(Input data)

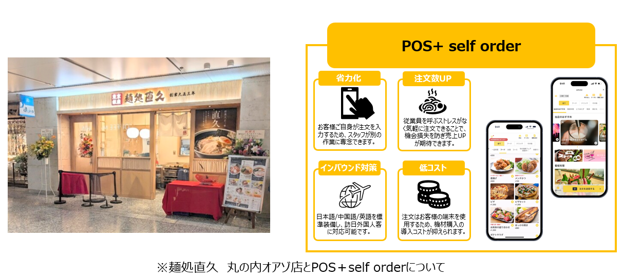 ポスタス株式会社(本社:東京都中央区、代表取締役社長:本田 興一、以下:ポスタス)は、株式会社直久(東京都目黒区、代表取締役社長:兒玉 智之)が展開する老舗らーめん店「銀座直久」の新店舗「麺処直久 丸の内オアゾ店」にて、飲食店向けPOSレジ「POS+ food(ポスタス フード)」のオプションサービス「POS+ self order」が2025年11月1日(土)のオープンと同時に運用開始したことをお知らせいたします。
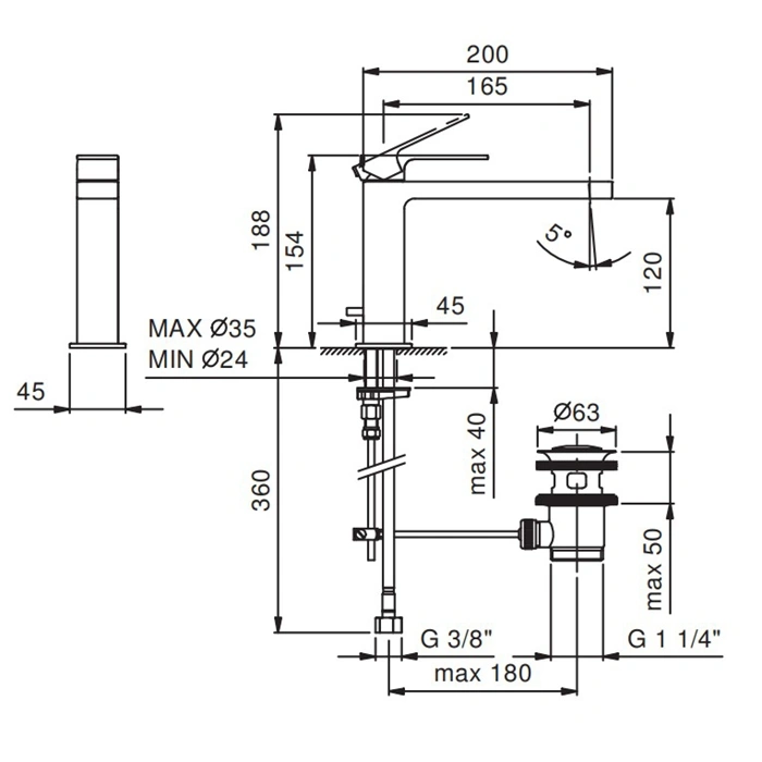 Обратите особое внимание на наличие в комплекте донного клапана. Это не просто «приятный бонус», а критически важный элемент для любой современной раковины. Он позволяет быстро перекрыть сливное отверстие, не нагибаясь и не пачкая руки. В модели Fantini Mint клапан механический, а не пружинный. Это более надежная и долговечная конструкция: меньше шансов, что он выйдет из строя или начнет подтекать через полгода использования.
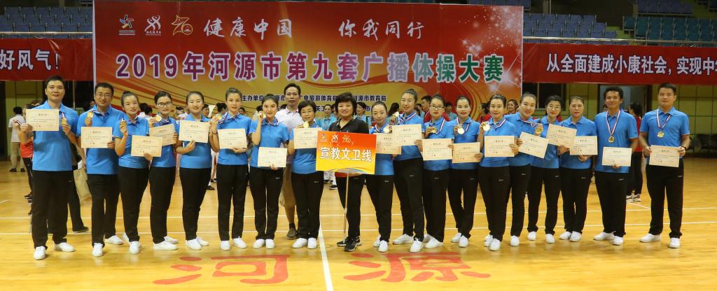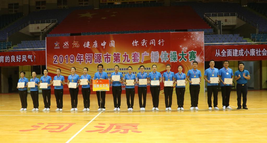 9月27日晚上,2019年河源市第九套广播体操大赛在市体育馆举行,我校代表宣教文卫线参赛并荣获线口组特等奖。
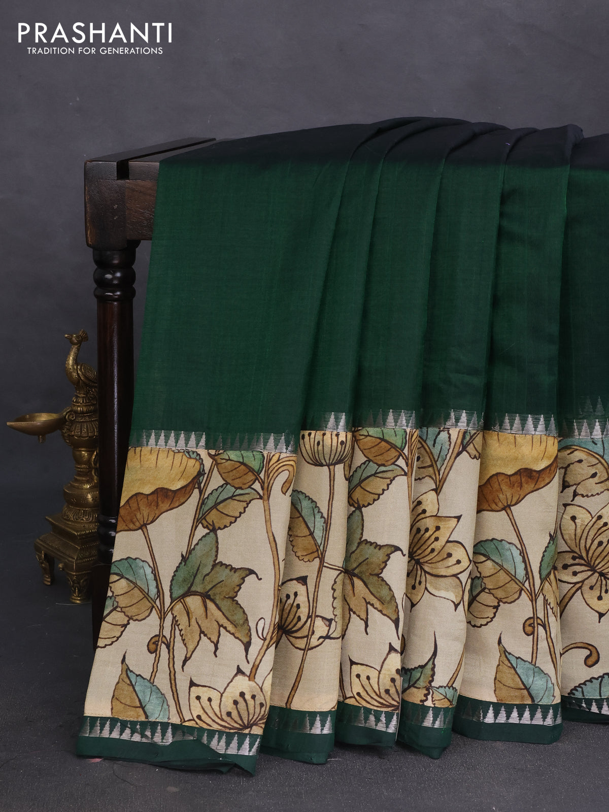Mangalgiri silk cotton saree bottle green and cream with plain body and long kalamkari printed applique border
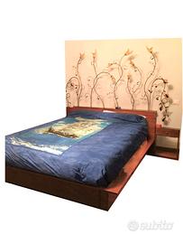 Letto matrimoniale contenitore color noce con 3 cassettoni contenitori sotto al materasso, 2 comodini con cassetto, rete con doghe in legno e testiera illuminata. La struttura del letto è in legno massiccio e non truciolato. Le misure sono indicate nell'immagine del bozzetto. Eventualmente ho anche la libreria e il lampadario in abbinato da vendere singolarmente o tutto assieme per un prezzo da concordare.
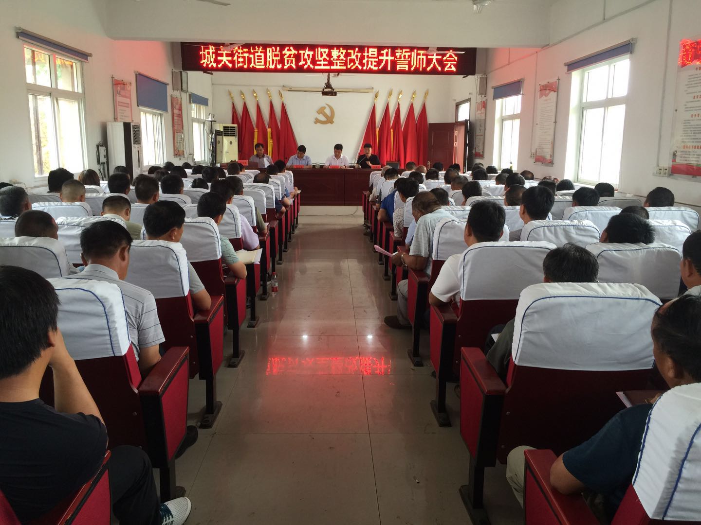 会上,总结了上半年脱贫攻坚工作,部署安排了整改提升工作,6个区包区领导及部分帮包责任人作了表态发言,街道办主任孙战立宣读了脱贫攻坚整改提升指挥部名单及奖惩督导办法,街道党工委书记赵宪海下达了脱贫攻坚战令,明确了村级脱贫攻坚问题清单和整改要求,要求全体人员认清形势,找准站位,正视差距,狠抓整改不懈怠;转变作风,立即行动,克难攻坚,强抓落实不放松;提振精神,明确责任,奖惩分明,严抓纪律不手软,确保脱贫攻坚成效再提升。

(End Input data)

- _What to work on_
All entries should be restated word for word; no images belong in the copy.

- _Finished task_
 ポスタス株式会社(本社:東京都中央区、代表取締役社長:本田 興一、以下:ポスタス)は、株式会社直久(東京都目黒区、代表取締役社長:兒玉 智之)が展開する老舗らーめん店「銀座直久」の新店舗「麺処直久 丸の内オアゾ店」にて、飲食店向けPOSレジ「POS+ food(ポスタス フード)」のオプションサービス「POS+ self order」が2025年11月1日(土)のオープンと同時に運用開始したことをお知らせいたします。
 Обратите особое внимание на наличие в комплекте донного клапана. Это не просто «приятный бонус», а критически важный элемент для любой современной раковины. Он позволяет быстро перекрыть сливное отверстие, не нагибаясь и не пачкая руки. В модели Fantini Mint клапан механический, а не пружинный. Это более надежная и долговечная конструкция: меньше шансов, что он выйдет из строя или начнет подтекать через полгода использования.
 9月27日晚上,2019年河源市第九套广播体操大赛在市体育馆举行,我校代表宣教文卫线参赛并荣获线口组特等奖。
Mangalgiri silk cotton saree bottle green and cream with plain body and long kalamkari printed applique border
 Letto matrimoniale contenitore color noce con 3 cassettoni contenitori sotto al materasso, 2 comodini con cassetto, rete con doghe in legno e testiera illuminata. La struttura del letto è in legno massiccio e non truciolato. Le misure sono indicate nell'immagine del bozzetto. Eventualmente ho anche la libreria e il lampadario in abbinato da vendere singolarmente o tutto assieme per un prezzo da concordare.
 会上,总结了上半年脱贫攻坚工作,部署安排了整改提升工作,6个区包区领导及部分帮包责任人作了表态发言,街道办主任孙战立宣读了脱贫攻坚整改提升指挥部名单及奖惩督导办法,街道党工委书记赵宪海下达了脱贫攻坚战令,明确了村级脱贫攻坚问题清单和整改要求,要求全体人员认清形势,找准站位,正视差距,狠抓整改不懈怠;转变作风,立即行动,克难攻坚,强抓落实不放松;提振精神,明确责任,奖惩分明,严抓纪律不手软,确保脱贫攻坚成效再提升。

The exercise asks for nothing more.